═══ TASK DATA ═══

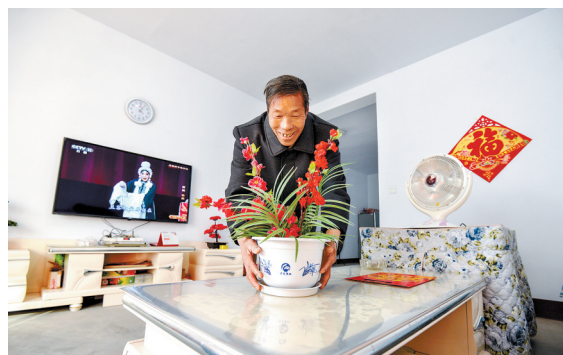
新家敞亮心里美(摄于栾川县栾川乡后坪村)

═══
═══ TASK DATA ═══

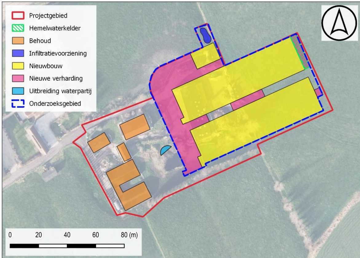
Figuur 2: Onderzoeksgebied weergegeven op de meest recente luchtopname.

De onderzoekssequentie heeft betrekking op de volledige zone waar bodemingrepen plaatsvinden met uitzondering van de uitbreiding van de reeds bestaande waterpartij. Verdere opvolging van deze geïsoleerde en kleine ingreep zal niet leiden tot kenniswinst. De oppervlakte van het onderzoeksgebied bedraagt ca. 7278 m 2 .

═══

WHAT TO PRODUCE:
What is needed is a verbatim copy of every line in the records above from the one containing "Figuur 2: Onderzoeksgebied" down to the one containing "De onderzoekssequentie heeft", both included, and nothing more.

RESULT OF THIS EXERCISE:
Figuur 2: Onderzoeksgebied weergegeven op de meest recente luchtopname.

De onderzoekssequentie heeft betrekking op de volledige zone waar bodemingrepen plaatsvinden met uitzondering van de uitbreiding van de reeds bestaande waterpartij. Verdere opvolging van deze geïsoleerde en kleine ingreep zal niet leiden tot kenniswinst. De oppervlakte van het onderzoeksgebied bedraagt ca. 7278 m 2 .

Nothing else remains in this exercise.